Good luck with that, try convincing Jefferson's agent on that one and he will probably tell Glen Taylor he is about 20 million short.


----------



## socco (Jul 14, 2002)

Ridiculous offer if true.


----------



## Avalanche (Nov 17, 2005)

Yeah i dont think he will have rediculous demands, but i think around 14mil per year would be more likely.

If we wait til next off-season his value could really go up so we need to get this done asap IMO.


----------



## P-Dub34 (May 19, 2005)

If Jefferson's agent accepts that he should be fired immediately. $10M a year? Yeah, it's nice money, but it's a slap in the face for a guy that's going to be as good as he will.


----------



## Avalanche (Nov 17, 2005)

P-Dub34 said:


> If Jefferson's agent accepts that he should be fired immediately. $10M a year? Yeah, it's nice money, but it's a slap in the face for a guy that's going to be as good as he will.


always the possibility the writer heard they were starting the contract at 10mil a year, could increase each of the 5 years to make it closer to 60-70 mil.


----------



## socco (Jul 14, 2002)

I 5 year deal starting at $10Mil would be slightly over $60Mil with max raises. Still an offer that I can't imagine Jefferson would go for.


----------



## Avalanche (Nov 17, 2005)

ah ok, thanks for the numbers...

well really when signing guys there is no harm in starting lower than the expected price to try and get good value, key is to not hold out as to annoy minny's new star...
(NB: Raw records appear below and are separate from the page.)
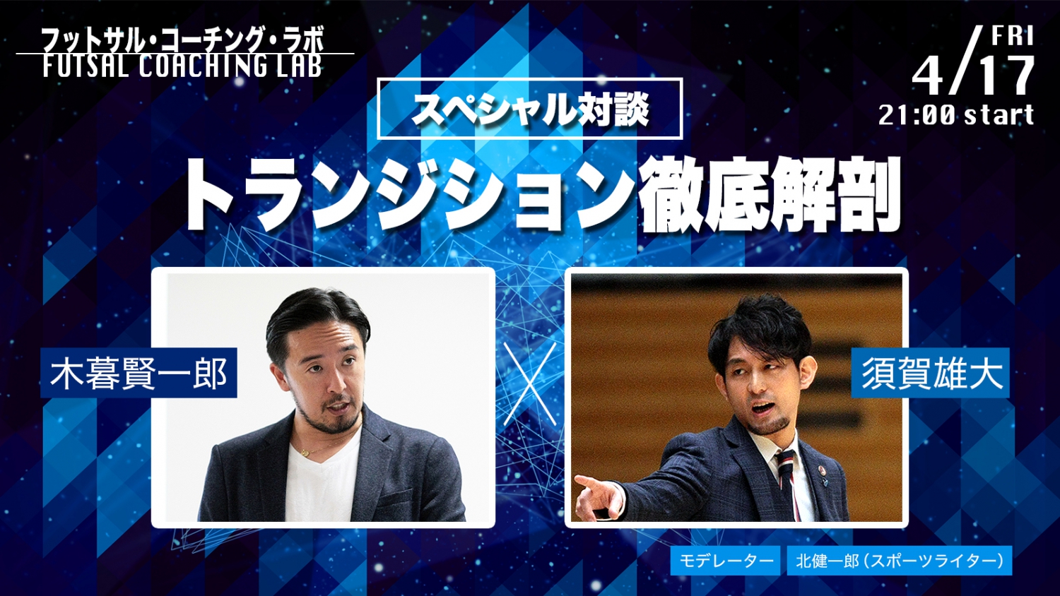 4月17日(金)、フットサル指導者の木暮賢一郎氏とフウガドールすみだの須賀雄大監督によるオンライン対談が実現。その模様は木暮氏が主宰するオンラインサロン「フットサル・コーチング・ラボ」の公式YouTubeチャンネルにて無料でライブ配信され、番組終了後の現在もアーカイブで視聴できる。
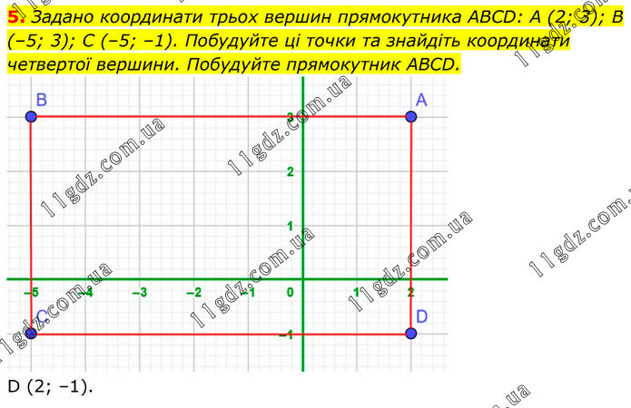 Задано координати трьох вершин прямокутника ABCD: А (2; 3); В (–5; 3); C (–5; –1). Побудуйте ці точки та знайдіть координати четвертої вершини. Побудуйте прямокутник ABCD. D (2; –1).
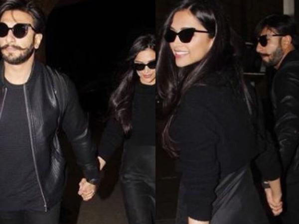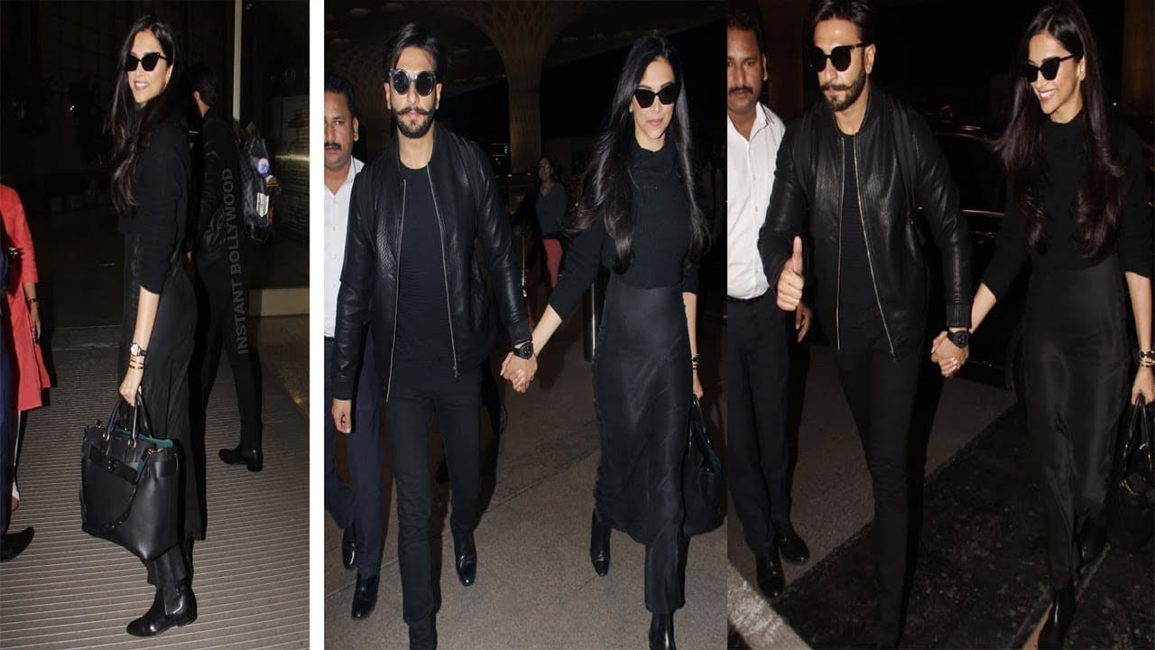 एयरपोर्ट पर दोनों का हाथ एक दूसरे के हाथ थामे नजर आए. इस दौरान दोनों ने एक बार फिर मैचिंग आउटफिट पहन रखे थे. एक तरफ रणवीर ने ब्लैक डेनिम के साथ ब्लैक जैकेट और टी शर्ट कैरी कर रखी थी, वहीं दीपिका ब्लैक लेदर पेंसिल स्कर्ट के साथ हाई नेक स्वेटर में नजर आईं.

offer it, get the counter offer and find a middle ground quickly... get him locked up asap


----------



## rebelsun (Nov 25, 2003)

He'll get Boozer money.


----------



## ThE BiG TiCkEt (Mar 31, 2007)

I don't understnad the main purpose of the article...Can someone sum up the main message with easy word about Glen an Al...!? Thanks a lot and sorry for my "italian" disturb guys... 

Bye Bye from Rome...


Alessio


----------



## Avalanche (Nov 17, 2005)

ThE BiG TiCkEt said:


> I don't understnad the main purpose of the article...Can someone sum up the main message with easy word about Glen an Al...!? Thanks a lot and sorry for my "italian" disturb guys...
> 
> Bye Bye from Rome...
> 
> ...


A lot of it you dont need to worry about (lot of Min Viking info, and basing it on the wolves being young and exciting to watch), the part this thread is based on basically reads that the writer thinks the wolves have offered (or will offer) Al a starting offer of 5 years, 50 million....
im not sure how familiar you are with contract situations but that would be regarded as very cheap for a player of jeffersons size and abilities... hence all the question marks over the article.


----------



## ThE BiG TiCkEt (Mar 31, 2007)

Thanks AV...  ..now i understand...


----------



## The King of the World (Dec 28, 2003)

That's a low-ball if I've ever seen one...hopefully Big Al doesn't take offense.


----------



## Numero Uno (Oct 21, 2007)

That is way out of proportion.


----------



## Avalanche (Nov 17, 2005)

Luol Deng just got the same offer and was said to be not impressed... and jefferson is worth slightly more than him IMO.

said other league GM's thought he was worth around 70mil


----------



## JuX (Oct 11, 2005)

60-70 mil seems to be in the range, whatcha you think?


----------



## Avalanche (Nov 17, 2005)

Yeah, hes worth 70


----------